I was the first woman to be a process operator. Not a plan. I saw the application in the newspaper, I was reading in the College library when I should have been doing Chemistry homework.
When Systems Fail (And People, People)
Years in, I had an incident that changed the way that I worked. Afterward, I didn’t have the kind of wide-eyed innocence, the ability to assume that people were simply there to work, which I had largely maintained up to then. It really was a very, very challenging time for me. I did not want to be at work. It was a hard, hard time because I saw a system actively working to suppress the truth.
Forget sweep under the rug. Somebody tried to dig a hole and bury that.
Six Weeks, Two Crews, One Handshake
Years later, in a plant shutdown turnaround, I was lead on valve repair - 120 control valves to repair across the plant. Much coordination required.
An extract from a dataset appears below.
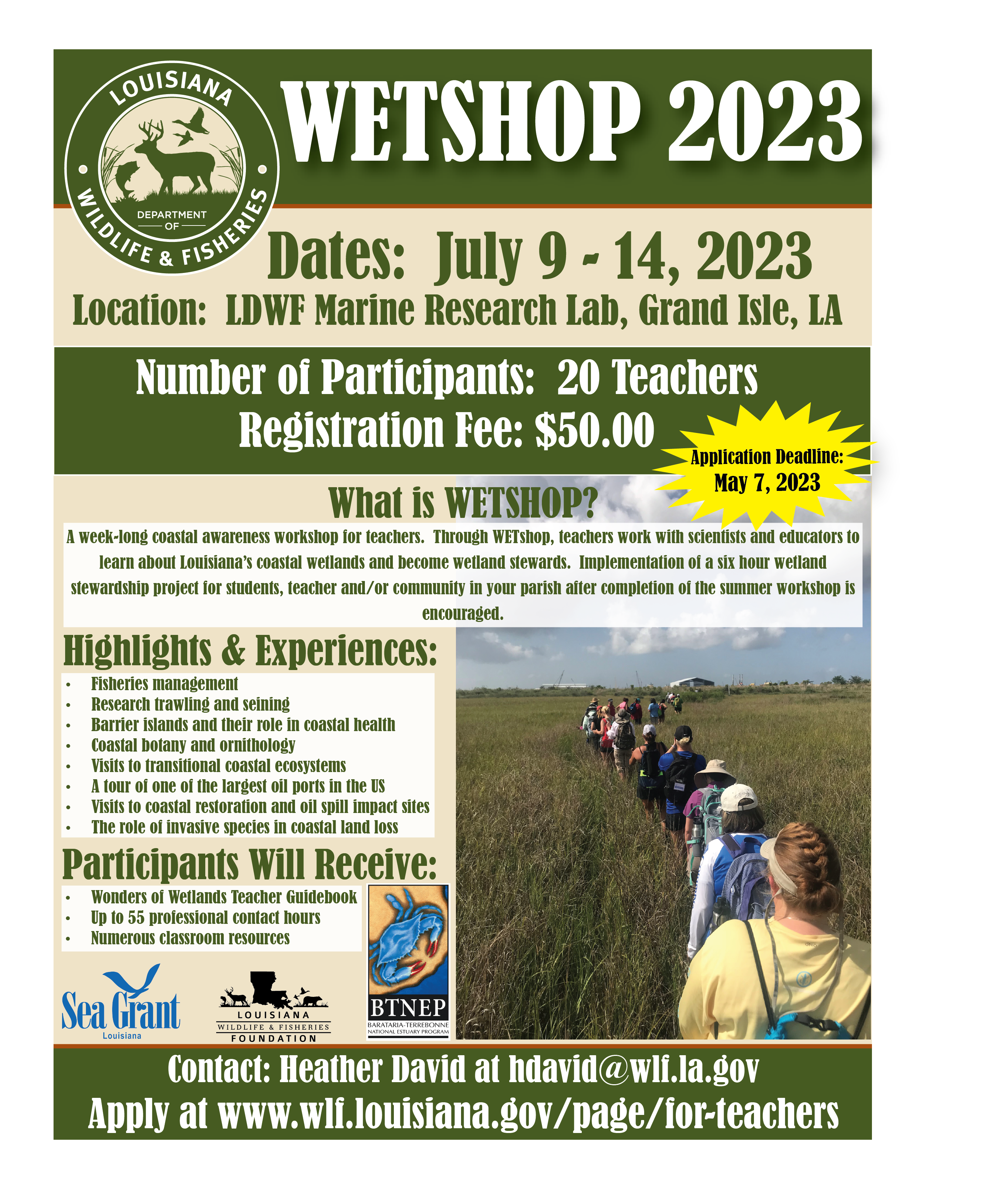 Teachers interested in WETSHOP 2023 can visit https://www.wlf.louisiana.gov/page/for-teachers or contact Heather David at hdavid@wlf.la.gov with questions.

I had two crews of contractors, a 12-man crew and a 13-man crew and two cranes - one a nine-tonne. The 13-man crew was late every day because it was 12 rastas and a ball head, and Safety used to pull up on the rastas every morning. “We getting drug tested every morning, Ras.” “We getting drug tested. We reaching to work on time, but we can’t come and meet you until after.”
Before we started working, I asked the little fellow I had history with to step aside. He had to have a special fall harness ordered because he was under the 125lb weight that a typical harness needed to work. Dude could have fallen off a ladder and not had enough mass for a harness to deploy. “Listen, I said, we have to work together, and this job is going to require us doing just that. If we don’t work together, this is not going to get done.”
He said, “Yeah.” I said, “Let’s shake on it.”
We did. We shook hands and walked out of the control room. For the next six weeks, from 6 am to 9 pm most days, every single day, we worked on that project.
One morning, we had a butterfly check valve to remove. The lines in that system were full of potassium carbonate. Nasty corrosive stuff. We had to empty the line. He had to disconnect the electrical and force it shut to get it out of the line. Like sliding a plate out of the dishrack, except this thing was 18 inches wide, solid disc of stainless steel with an outer ring and spindle and control head, two stories up. We needed the nine-tonne crane.
That valve was out on the ground by 9 am, and people were shocked.
Why I Teach Breathing Now
Why leave all that fun? Why am I no longer a process operator?
I went to study languages. Another encounter with a newly minted engineer convinced me I should probably go get a degree, so as one does, I went and did something that seemed interesting and not troublesome, a new degree option called Speech and Language Science. I had no intention of falling deeply in love with linguistics (I didn’t realise it was a linguistics degree), but I did.
Language is more complex and our ability to make language is way more complex and fundamental than making ammonia. Languages are more fun and way less stinky than Benfield. A thing we humans seem compelled to do, and a way, way more complex process than an ammonia plant.
And breathing is first, final, and fundamental.
My first practice was called Radical Breathing. Radical as in from the root. I started when the world was afraid of sharing breath, and five years later this is still a time of so much foment. The uncertainty has been exhausting and time feels both like a blur and an eternity.
I don’t teach from the point of view of someone who has ever had an office job. I teach from understanding what critical systems are. I know what it means to operate critical systems. What happens when systems fail.
What I intend for my clients is the ability and capacity to regulate.
That might not be you outside observing honeybees about their business in the very early morning...watching workers forage through a riot of fuchsia flowers. I wish for you, whatever your it is……able to be in the moment and notice…
Alyssa is a breathwork facilitator who spent 17.5 years as a process operator on the world’s largest single-train ammonia plant. She now teaches breathing as the most critical system we’ll ever operate. We are only breathing. Let’s breathe like our lives depend on it.